Sovyet bilim adamları, Kazakistan'daki Semipalatinsk'teki uzak bir test bölgesinde, SSCB ilk atom bombasını “İlk Yıldırım” olarak başarıyla patlattı. Patlamanın etkilerini ölçmek için Sovyet bilim adamları binalarda köprüler ve diğer sivil yapıları inşa ettiler. bombanın çevresi. Ayrıca nükleer radyasyonun insan benzeri memeliler üzerindeki etkilerini test edebilmeleri için hayvanları yakındaki kafeslere yerleştirdiler. 20 kilometrede, ilk ABD atom patlaması olan “Trinity” ye eşit olan atom patlaması, bu yapıları yok etti ve hayvanları yaktı.
Efsaneye göre, bomba üzerinde çalışan Sovyet fizikçileri, testin başarısız olması durumunda yaşayacakları cezalara dayanarak başarı için onurlandırıldılar. Bomba patlatılmasaydı Sovyet hükümeti tarafından idam edilecek olanlara “Sosyalist Çalışma Kahramanları” verildi ve sadece hapsedilmiş olanlara “daha az prestijli” bir ödül verildi.

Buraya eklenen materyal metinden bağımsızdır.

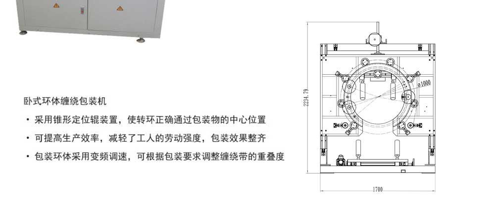 環(huán)體纏繞包裝機(jī)是專門為鋼圈、鋼絲、銅絲、輪胎、帶鋼等金屬環(huán)狀物品而設(shè)計、制造的一種新穎的纏繞包裝機(jī),其優(yōu)點在于完全替代了手工纏繞包裝,包裝速度快,操作方便,大大提高了生產(chǎn)效率,減輕了工人的勞動強(qiáng)度。包裝效果整齊。可采用多層包裝紙包裝,能起到防塵,防潮,保護(hù)設(shè)備表面的作用。
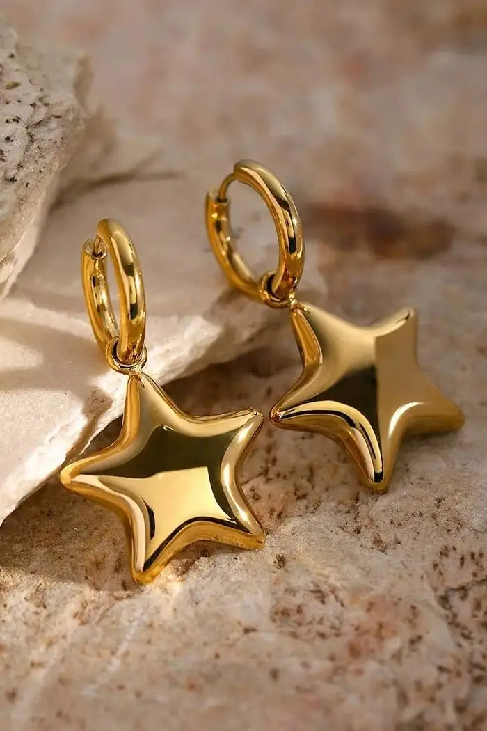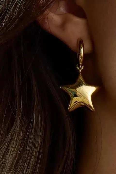Altın Renk Yıldız Figürlü Çelik Küpe (Çift)
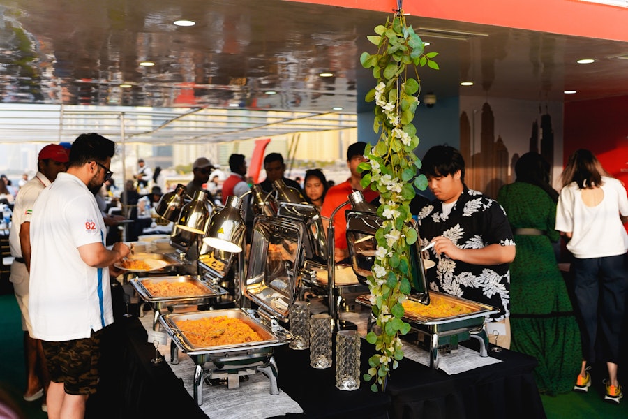 See Dubai from the water with a sunset cruise. Includes a buffet dinner with unlimited soft drinks and live music. Sail the Persian Gulf for about an hour and a half as you take in the breathtaking views of the illuminated city, with buildings such as the Burj Khalifa and Palm Jumeirah.

3 Eylül'de, Sibirya kıyılarından uçan bir ABD casus uçağı ilk patlamada radyoaktivite kanıtını aldı. O ayın ilerleyen saatlerinde Cumhurbaşkanı Harry S. Truman, Amerikan halkına Sovyetlerin de bomba yaptığını açıkladı. Üç ay sonra, ABD’nin ilk atom bombasını inşa etmesine yardım eden Alman doğumlu bir fizikçi olan Klaus Fuchs, nükleer sırları Sovyet’lere ilettiği için tutuklandı. II. Dünya Savaşı sırasında ABD’nin atom geliştirme merkezinde görev yapan Fuchs, Sovyetler’e daha sonra Nagasaki’ye, Japonya’ya bırakılan “Şişman Adam” atom bombasının mavisi de dahil olmak üzere ABD’nin atom programı hakkında kesin bilgiler verdi. hipotezlenmiş hidrojen bombası hakkında. ABD’nin atom üstünlüğünün kaybıyla birleşen Fuchs’un casusluğunun açıklamaları, Başkan Truman’a, Japonya’daki atom bombalarının yüzlerce kat daha güçlü olduğu teorik bir silah olan hidrojen bombasının gelişmesini emretti.
1 Kasım 1952'de ABD, Pasifik Marshall Adaları'ndaki Elugelab Mercan Adası'nda dünyanın ilk hidrojen bombası olan “Mike” ı başarıyla patlattı. 10.4-megaton termonükleer cihaz anında bir adanın tamamını buharlaştırdı ve bir milden daha geniş bir krater geride bıraktı. Üç yıl sonra, 22 Kasım 1955'te Sovyetler Birliği, ilk hidrojen bombasını aynı radyasyon patlaması ilkesiyle patlattı. Her iki süper güç de artık “süper bomba” olarak adlandırılıyordu ve dünya tarihte ilk kez termonükleer savaş tehdidi altında yaşadı.